In an interview with the CSHRN, Ms. Fariha Nasiri (pseudonym) said that women have gained their rights through many sacrifices and these rights should not be ignored.

CSHRN: What is your assessment of what has happened so far in the peace talks? How much can we hope for a positive result?

Naseri: It has been almost two months since the beginning of the peace talks, but according to the media, the negotiating teams have not yet finalized the agenda. Therefore, it is too early to talk about the outcome.

CSHRN: Given the Taliban’s background, especially with regards to women, what will be the social and political presence of women after the peace talks?

Naseri: Since the formation of the Taliban group, the members of this group have never believed in or respected the rights women. The fact that no woman is included in their group shows that they do not care about women’s rights. With their participation in the government, women will be deprived of their rights. Women will not be able to continue their activities freely. The first impact of these restrictions will be to make women depended on men, they will impose this by creating rules to not let any women travel without men. But, since women in the years following the fall of the Taliban have achieved great success, I hope they do not remain silent in the face of the restrictions imposed by the Taliban and fight this situation by creating effective movements.

CSHRN: Can the presence of women in peace talks affect the Taliban’s anti-women approach? Do you think the Taliban will change their position for any reason?

Naseri: The presence of women in peace talks indicates that the international community supports the presence of women in these talks. In my opinion, the Taliban have inevitably accepted negotiations with women. If the international community puts more pressure on the Taliban to recognize women’s rights, the situation of women will improve otherwise there is no hope for the future.

CSHRN: Do you think the government’s negotiating team, especially the female members can properly represent women and defend their rights?

Naseri: The female members of the negotiating team can communicate with women of provinces, districts, and villages and share their demands in the negotiating team. Additionally, they can gather information by talking to bright and intellectual women so that they can better defend women’s rights.

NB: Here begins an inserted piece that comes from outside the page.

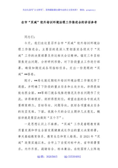 / 在市“双减”校外培训环境治理工作推进会的讲话参考

As a women’s rights activist, I urge female representatives in peace talks to defend our rights under all circumstances and not allow them to be traded.

CSHRN: Considering the peace talks as an opportunity, how can it be used to benefit women?

Naseri: This is a good opportunity to force the Taliban to end the violence and recognize women’s rights.

CSHRN: Apart from security issues and the opposition of the Taliban, which hinders the advancement of women, what other challenges ahead of women?

Naseri: Gender discrimination, bad customs, patriarchy, and low literacy are some of the problems that keep women from progressing, and if left unaddressed, will create more problems for women in the future.

Ms Naseri said civil society plays an important role in advocating for the citizens’ rights, and because the Taliban are pessimistic about civil society activities, they may stop many of them.